En plus de l'anamnèse et de la palpation, le diagnostic différentiel se fait à l'aide des examens paracliniques :
  • Le bilan biologique. Le dosage de la thyréostimuline (TSH) donne une information indirecte sur la fonction thyroïdienne. La calcitonine est un bon marqueur des cancers thyroïdiens de type médullaires.
  • La cytoponction à l'aiguille fine (CAF). Réalisée par un cytologiste expérimenté, c'est l'examen le plus fiable et le moins invasif pour distinguer les nodules malins des nodules bénins avec une spécificité et une sensibilité d'au moins 95%.
  • L'échographie permet la description d'un nodule suspecté à la palpation : situation au sein de la glande, mesures, caractère solide, liquidien ou mixte, échogénicité, caractère isolé ou associé à d'autres nodules.
  • La scintigraphie est indiquée lorsqu'il existe des signes d'hyperthyroïdie, à la recherche d'un nodule toxique. Elle ne représente pas une nécessité lorsque le nodule est infracentimétrique.
img Traitements
1/ La chirurgie
En présence d'un nodule thyroïdien malin, le traitement de base est la chirurgie. Elle comporte au minimum l'ablation du lobe porteur de la lésion et l'isthme adjacent. Le traitement du cancer médullaire de la thyroïde nécessite un geste spécifique consistant en une thyroïdectomie totale avec au minimum un curage ganglionnaire du compartiment central.
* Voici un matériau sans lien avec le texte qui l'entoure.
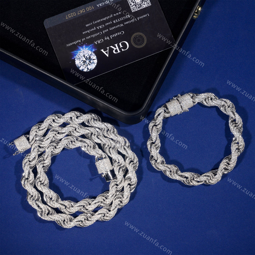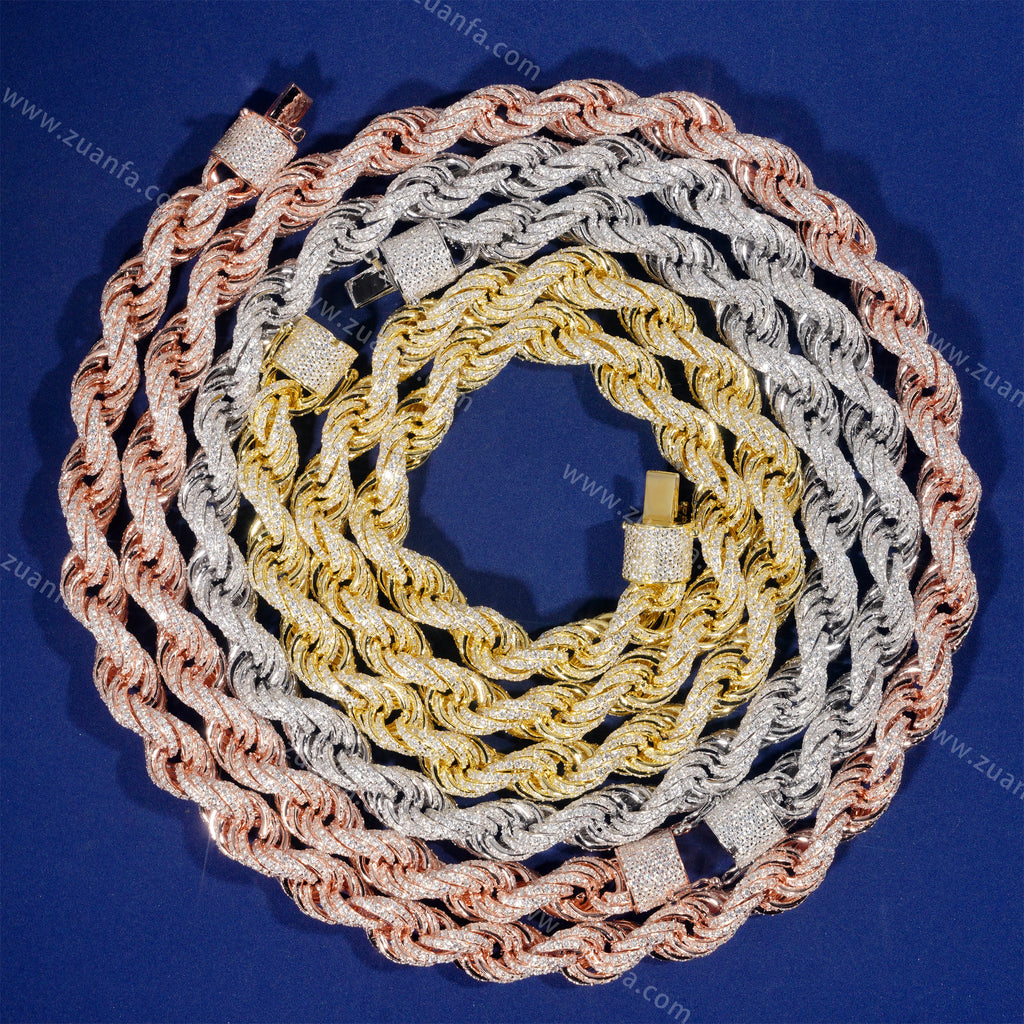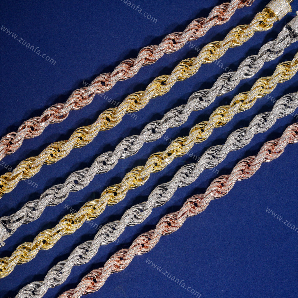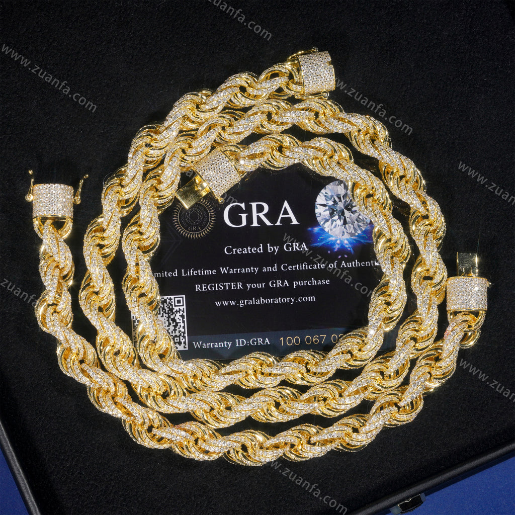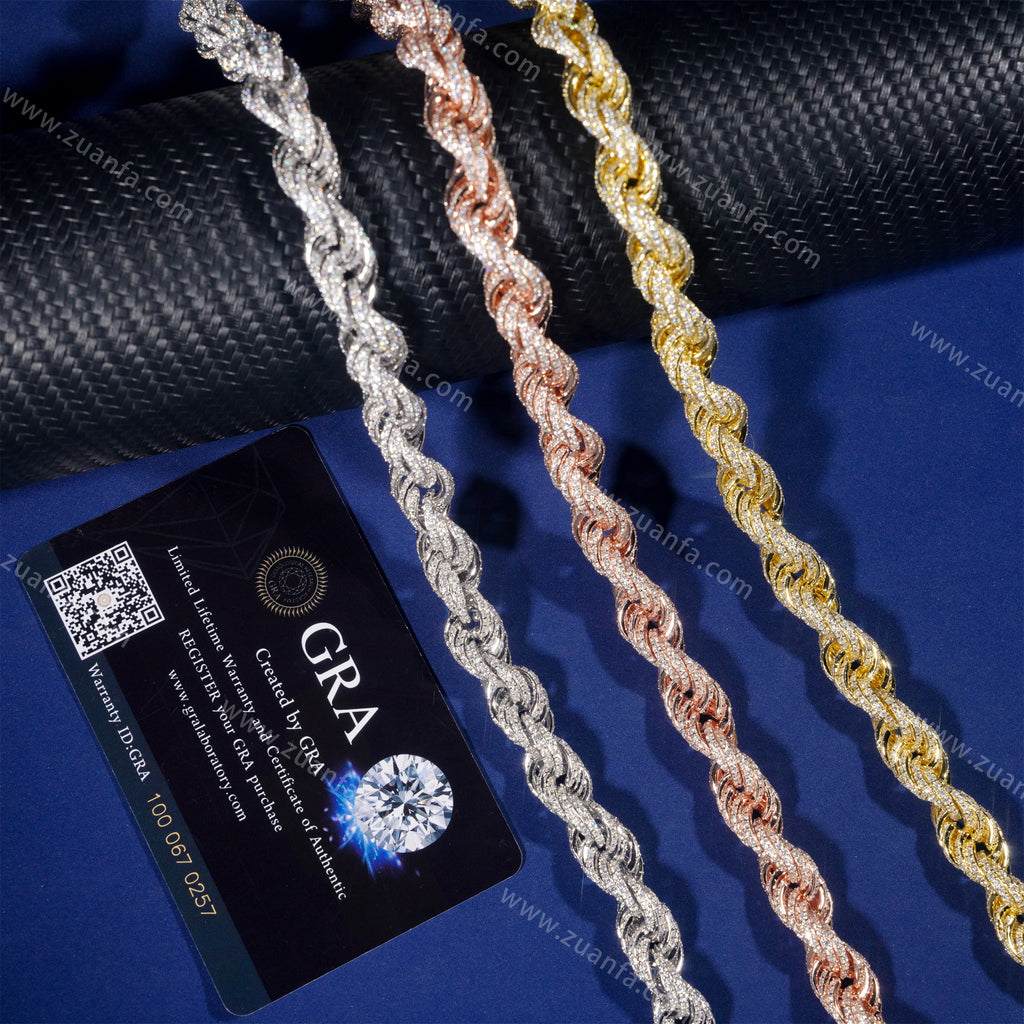 This Zuanfa exclusive 10MM Moissanite Rope Chain is made from 925 sterling silver and plated with a thick layer of 18K Gold.
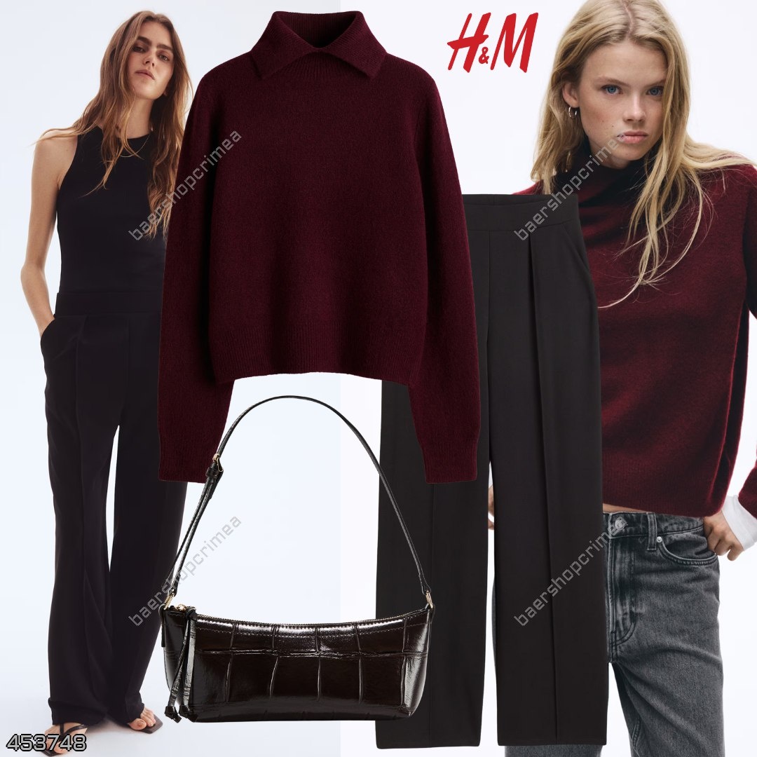 #HM 🇪🇸 Свитер с воротником поло (женский раздел) 2912₽ + вес Брюки (женский раздел) 2080₽ + вес Сумка (женский раздел) 2080₽ + вес ID: 453748 для заказа писать - ♥️@dianabrill

Dans tous les cas, ces gestes doivent être pratiqués par un chirurgien entraîné. Les complications, hypoparathyroïdie ou paralysie récurrentielle, sont rares.
2/ L'iode 131
S'il persiste du tissu fonctionnel résiduel, une dose de 1,11 à 3,7 GBq (30 à 100 mCi) d'iode 131 est administrée en chambre isolée, 4 à 6 semaines aprés une thyroïdectomie totale, afin de le stériliser en totalité.
40 % environ des métastases des cancers thyroïdiens fixent l'iode et peuvent donc être traités par cette méthode.
3/ Le traitement hormonal
Après thyroïdectomie totale et stérilisation de la thyroïde par l'iode 131, on administre de la thyroxine, hormone inhibitrice de la sécrétion de la TSH. Le dosage est de 100 à 200 mg/j suivant l'état clinique du patient.
Cette hormonothérapie permet également d'assurer un équilibre thyroïdien satisfaisant sur le plan fonctionnel.
img Surveillance
Pour les cancers papillaires et vésiculaires, une surveillance sera réalisée tous les 6 mois pendant 2 ans puis tous les ans à vie. Elle consiste d'une part en un examen clinique de la région cervicale et d'autre part en un dosage des hormones thyroïdiennes et de la TSH qui doit être indosable et un dosage de la thyroglobuline qui doit être effondrée. En cas d'élévation de la thyroglobuline, une scintigraphie corps entier à l'iode 131 après arrêt du traitement hormonal, permettra de rechercher des localisations secondaires fixant l'iode radioactif. Celles-ci seront traitées par une dose thérapeutique d'iode.
La surveillance des cancers médullaires de la thyroïde nécessite un examen clinique régulier et des dosages de l'antigène carcino-embyronnaire et de la calcitonine.